Sorry I meant OPINION ON FOSSAMAX

PMRpro profile image
PMRproAmbassador

If your dexascan is normal then you don't need AA, certainly not at present - just calcium and vit D supplements and a follow-up dexascan in 2 years.

In over 7 years on pred my t-score has gone from -1.3 to -1.5 - still slap bang in the middle of normal for my age. I was given AA at the start but after 4 weeks decided I wasn't happy with taking it and neither was a different GP at my practice. I haven't taken any since. And as has been proven - I didn't need it. I will have another dexascan in a few years - and in the meantime continue taking calcium and vit D and walking every day.

AA should not be taken for more than 5 years without a holiday to avoid some of the nastier side effects - and some experts are now saying 2 years. There are two ladies on the forum who have developed fractures in under 2 years, one has shin splints, one has femoral fractures. There are several with tooth problems.

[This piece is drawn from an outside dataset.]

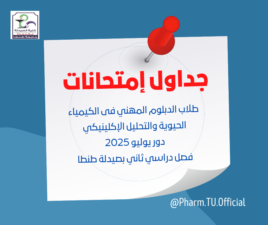 تعلن إدارة الدراسات العليا بكلية الصيدلة جامعة طنطا عن جدول امتحانات طلاب الدبلوم المهني فى الكيمياء الحيوية والتحليل الإكلينيكي دور يوليو 2025 بالفصل الدراسي الثاني من العام الجامعي 2024/2025.

It isn't the miracle with no side effects it was marketed as in one of the most successful drug marketing campaigns in recent years - unfortunately, the doctors who were "brought up on it" find it hard to change their minds.

lyndamcw profile image
lyndamcw in reply to PMRpro

Thank you for this that ess my thinking too.

paddyfields profile image
paddyfields in reply to PMRpro

I am sure I read that the rationale behind the use of these drugs is debateable , i.e. that "denser" (my description) bones are less likely to fracture

.

PMRpro profile image
PMRproAmbassador in reply to paddyfields

There are no figures on correlation between density of bone and fracture rate. People with low density don't have fractures, people with normal bone density do have fractures. There is some concern that AA itself CAUSES atypical fractures of the femur and that was part of the reason the FDA warns it should not be given for more than 5 years maximum before a holiday was taken from it. Recently there has been comment saying even 5 years is too long. It also can lead to jaw problems and tooth loss because of bone degradation, even necrosis.

The rate of hip fractures was declining anyway, even before AA was used so widely and there are far better ways of avoiding fractured hips in elderly patients that have no side effects - correcting vit D status, keeping properly hydrated, not over-medicating for various things, especially BP, good lighting, handrails where appropriate, removing trip hazards (even the Queen has given up her large numbers of corgis which were always around her feet).

I don't mind it being suggested where there is proof of need. But far too many patients get AA tablets handed them without having had a dexascan - it shouldn't be given to patients with normal bone density - and without the requisite checks on calcium and vit D status. You can take all the AA you like, but if calcium and vit D status are low it won't do any good.